Vincent Gauci collects air samples to analyze methane from a wetland area in
the eastern highlands of Moray, Scotland. Researchers now say that acid rain
may reduce the emission of methane from wetland areas. Courtesy of Vincent Gauci.
Acid rain contains sulfate derived from the burning of coal, particularly "dirty
coal" with high sulfur content. In wetland environments, the additional
sulfate input gives sulfate-reducing microbes a competitive advantage over their
methane-producing kin. The process "results in a reduction in methane production
and therefore a reduction in emission," says Vincent Gauci, a biogeochemist
at Open University in Milton Keynes, United Kingdom, and lead author of a recent
study on acid rain in wetlands.
"This is actually far from the first time we've seen links between microbial
and global processes — most of the important processes that regulate the
global system are microbial," says Josh Schimel, a biogeochemist at the
University of California, Santa Barbara. "What we often don't do is make
an explicit quantitative link between the small and large scales."
In field experiments, Gauci and colleagues found that high rates of sulfate
deposition suppressed methane emissions in wetlands by 30 to 40 percent. The
researchers also modeled the process using global sulfur emissions and sulfate
deposition from 1960 to 2080.
The model showed that 8 percent less methane is currently being emitted from
natural wetlands than would be emitted without acid rain. Using estimates from
the Intergovernmental Panel on Climate Change of future sulfur emissions, the
model showed a reduction in wetland methane emissions due to acid rain of 15
percent by 2030.
Although this particular microbial process was previously known — for example,
saltwater marshes with sulfate from seawater are not significant methane sources,
whereas freshwater marshes are — it had not previously been quantified
in a way that made its global significance understood.

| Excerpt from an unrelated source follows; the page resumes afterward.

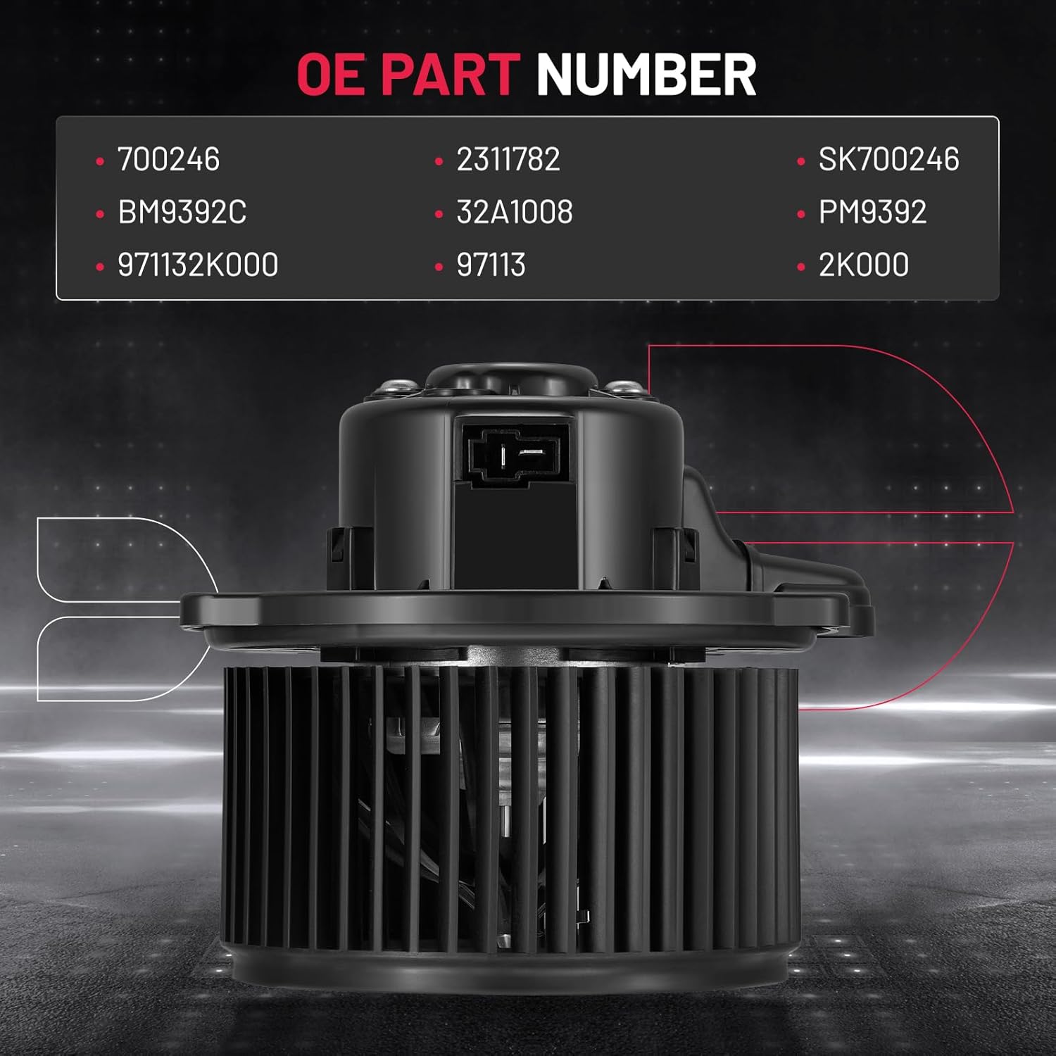【Compatible Part Numbers】:Replacement for Blower Motor OE Number:700246 2311782 SK700246 BM9392C 32A1008 PM9392 971132K000 97113 2K000.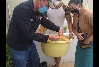 Roberto Rojas Martínez, junto con sus padres y hermano, recibió la supervisión en el trabajo de medición de organismos, aplicación de tablas y raciones alimenticias, para lograr una producción más eficiente, así como mejoras en la calidad de agua de estanques y en el desarrollo en crecimiento y peso de la tilapia.

That quantification of the link between the methane and sulfur budgets likely
will prove important for future climate models. "It may be an order of
magnitude estimate of what the impacts are likely to be," Schimel adds,
but "it is a much stronger quantitative link than we'd been able to develop
before."
Another novel aspect of the study, which was published in the Aug. 24 Proceedings
of the National Academy of Science, is that the researchers were able to
assess "whether or not an interaction at the microbial scale was significant
at the global scale," Gauci says. "Our results show that it is."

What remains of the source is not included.